To maximize the performance and value of your software apps, networks and systems, it’s critical to eliminate performance bottlenecks. Performance testing has become critical in every organization to reveal and fix performance bottlenecks, ensuring the best experience to end users.
This article explains what performance testing is, its importance, and the various types of performance testing. It also delves into the metrics used in performance testing, automated performance testing tools, and the benefits of leveraging performance testing.
Let’s dive in!
What is performance testing?
Performance testing evaluates the behavior of a software application, network, or system under specific loads to evaluate its stability, responsiveness, robustness, and speed. Performance testing aims to identify the performance bottlenecks of the target system and fix them before they lead to system unavailability.

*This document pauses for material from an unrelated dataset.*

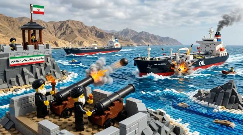 Imagem ilustrativa sobre a possibilidade real do Irã manter fechado o Estreito de Ormuz, criada por IA.
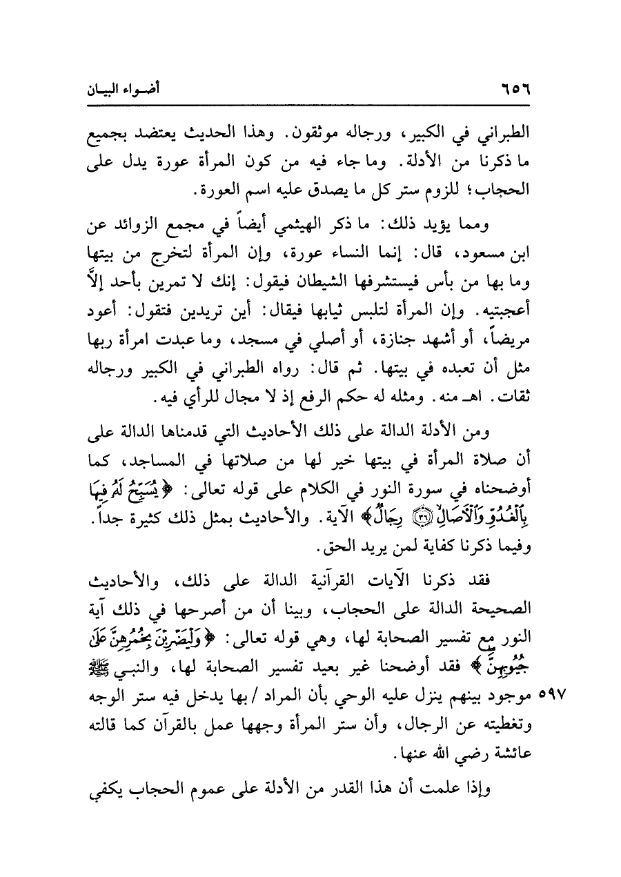 ومن الأدلة الدالة على ذلك الأحاديث التي قدمناها الدالة على أن صلاة المرأة في بيتها خير لها من صلاتها في المساجد، كما أوضحناه في سورة النور في الكلام على قوله تعالى: {يُسَبِّحُ لَهُ فِيهَا بِالْغُدُوِّ وَالْآصَالِ (٣٦) رِجَالٌ} الآية. والأحاديث بمثل ذلك كثيرة جدًّا. وفيما ذكرنا كفاية لمن يريد الحق.

Performance testing can be conducted in two different scenarios:
- On software applications upon the completion of all the functional tests.
- In production environments under controlled conditions.
The importance of performance testing
Performance testing is critical for offering a consistent user experience regardless of the load the system is experiencing. The turnover rate of users can increase dramatically if they encounter:
- Intermittent issues
- Application outages due to performance issues
Each of these adversely impacts the progress of your business. Performance tests help mitigate such circumstances by revealing areas where performance fails to meet the expected service level agreements (SLAs).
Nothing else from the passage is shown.